Communal Domain Learning for Registration in Drifted Image Spaces

Designing a registration framework for images that do not share the same probability distribution is a major challenge in modern image analytics yet trivial task for the human visual system (HVS). Discrepancies in probability distributions, also known as \emph{drifts}, can occur due to various reasons including, but not limited to differences in sequences and modalities (e.g., MRI T1-T2 and MRI-CT registration), or acquisition settings (e.g., multisite, inter-subject, or intra-subject registrations). The popular assumption about the working of HVS is that it exploits a communal feature subspace exists between the registering images or fields-of-view that encompasses key drift-invariant features.

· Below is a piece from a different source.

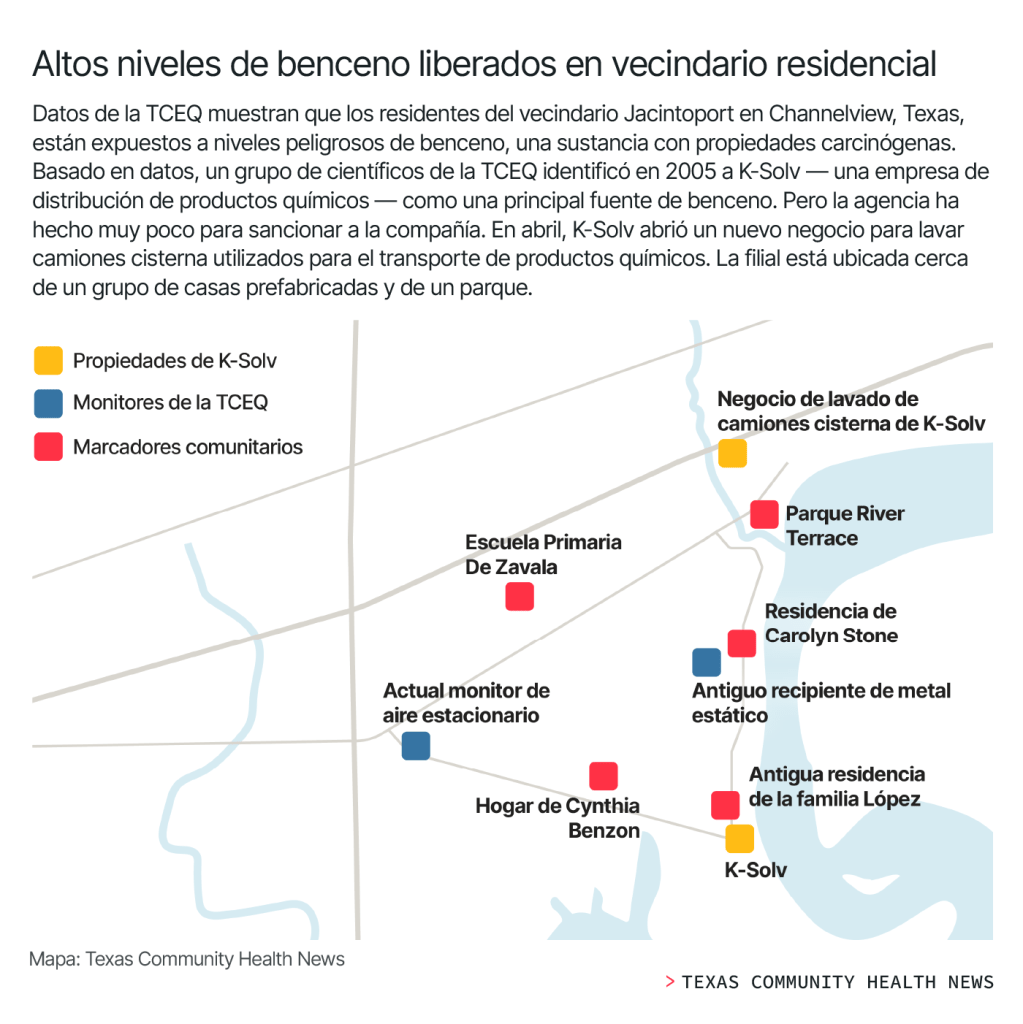 La Comisión de Calidad Ambiental de Texas — Texas Commission on Environmental Quality o TCEQ por sus siglas en inglés — no le ha informado a los residentes sobre los riesgos de salud que enfrentan; y ha hecho muy poco para frenar a la compañía responsable, a pesar de saber que desde sus instalaciones K-Solve, una compañía dedicada a la distribuición de químicos ubicada en el vecindario Jacintoport de Channelview, por años ha liberado grandes cantidades de benceno al aire. En cambio, la agencia estatal, con base en Austin, le ha permitido a la empresa ampliar sus operaciones en cuatro ocasiones desde que detectó el problema en el 2005. Actualmente, K-Solv puede emitir legalmente casi 20 veces más la cantidad de compuestos orgánicos volátiles que emitían en ese entonces. El benceno es uno de los elementos de ese compuesto tóxico.

Mimicking the approach that is potentially adopted by the HVS, herein, we present a representation learning technique of this invariant communal subspace that is shared by registering domains. The proposed communal domain learning (CDL) framework uses a set of hierarchical nonlinear transforms to learn the communal subspace that minimizes the probability differences and maximizes the amount of shared information between the registering domains. Similarity metric and parameter optimization calculations for registration are subsequently performed in the drift-minimized learned communal subspace. This generic registration framework is applied to register multisequence (MR: T1, T2) and multimodal (MR, CT) images. Results demonstrated generic applicability, consistent performance, and statistically significant improvement for both multi-sequence and multi-modal data using the proposed approach ($p$-value$<0.001$; Wilcoxon rank sum test) over baseline methods.